The Presidents Race takes place at Washington Nationals home games, in the middle of the 4th inning. Nationals staffers dressed as Teddy Roosevelt, Abraham Lincoln, George Washington, and Thomas Jefferson enter from behind the right field bleachers and race towards home plate, where a temporary finish line is held up by somebody in a Gecko costume (because the Presidents Race is now sponsored by Geico, the insurance company). My son, who was 11 years old and at the game with me when the Washington Nationals introduced the live Presidents Race in July 2006, absolutely loved it.

I took this photo of the racing presidents from above the 3rd base dugout at RFK Stadium, as the presidents started their dash to the finish line.
A cute thing for the kids, but nothing too too original, right?
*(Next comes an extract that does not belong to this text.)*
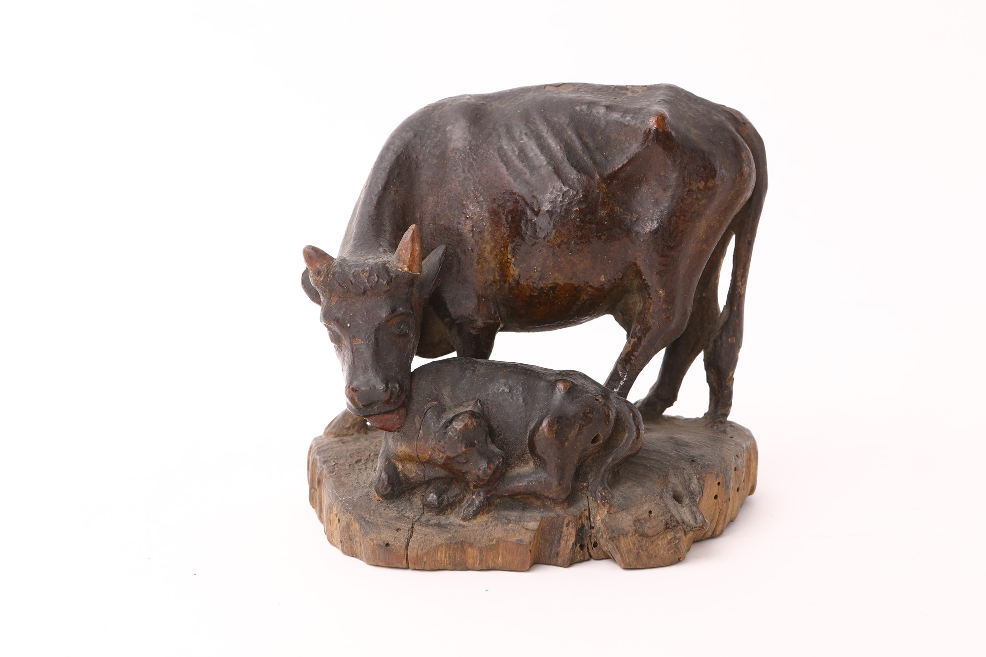 Gruppo in legno policromo composto da mucca e vitello, Sicilia, XIX secolo

Sure, a presidents race could be uniquely associated with Washington, but Milwaukee has had the racing sausages forever, closer to home Baltimore has the ketchup & mustard race, and minor league baseball teams have been doing this sort of thing for decades. That was my initial reaction.
Then, soon after the Presidents Race had been introduced, I met a Nationals employee and asked him the question that had been burning in my son's head. "Do you decide in advance who's going to win?, I asked." His answer was surprising and illuminating. "We don't decide in advance," he said. "The only rule is that Teddy can't win."
I had to admit I hadn't remembered a Teddy victory to that point. My first reaction was that this was hilarious. A novelty. I have since realized that it was an utterly brilliant marketing decision.

"We don't decide in advance," he said.
"The only rule is that Teddy can't win."

For quite some time, the notion that Teddy never wins was like a little inside joke for me and my son. At Nationals games, we'd share this little tidbit with fans seated near us during the presidents race, always to their surprise, and as if it were secret inside information.
By the end of the 2006 season, Nationals season ticket holders had figured it out, and the presidents race began to be occassionally greeted by a chear of "Teddy! Teddy!" scattered throughout RFK Stadium.
For 2007, in it's first full season under ownership of the Lerner family, the Washington Nationals marketing organization started to really leverage what they had created. On opening day, the presidents race started without Teddy Roosevelt, but he entered late to pass the field via a zip line from atop the stadium roof. His dramatic entrance led to a disqualification, but set the stage for the season that was to come. With each presidents race, Teddy Roosevelt found a more and more dramatic way to lose, yet the streak continued. With the Nationals baseball team off to a horrific 9-23 start by mid-May, the crowds and the media both adopted Teddy Roosevelt as their hero.
The Teddy fever peaked late in the season on September 1, which was Teddy Roosevelt bobblehead night. Fans and reporters speculated that this would be the big night that Teddy Roosevelt won the presidents race. After all, fake secret service agents had previously been on hand to help George, Abe, and Thomas win the presidents race on each of their bobblehead nights. The cheers for Teddy were louder than any noise made by the fans at any point in the game (including the booing when Barry Bonds stepped to the plate). Alas, it was not to be. Teddy fell off the throne he'd been carried in on, and lost the race to George Washington in a sprint to the finish.
Let Teddy Win in 2008!

Call me crazy, but at a certain point in the 2007 Nationals season I decided I was going to adopt Teddy Roosevelt as a personal cause. Not to take anything away from the baseball team (because I love the Nationals), but even the most inspired play by a young but talent-starved team with a losing record and no history is going to have limited mass appeal. While Stan Kasten, Jim Bowden, and Manny Acta are busy trying to assemble the 2011 World Series champions, Teddy Roosevelt and the endless quest to win the presidents race are the best story in town, and the first real opportunity we have as a fan base to establish our own unique tradition. Even if the Nats get off to a rocky start again in 2008, Teddy can still help pack 'em into the new ballpark.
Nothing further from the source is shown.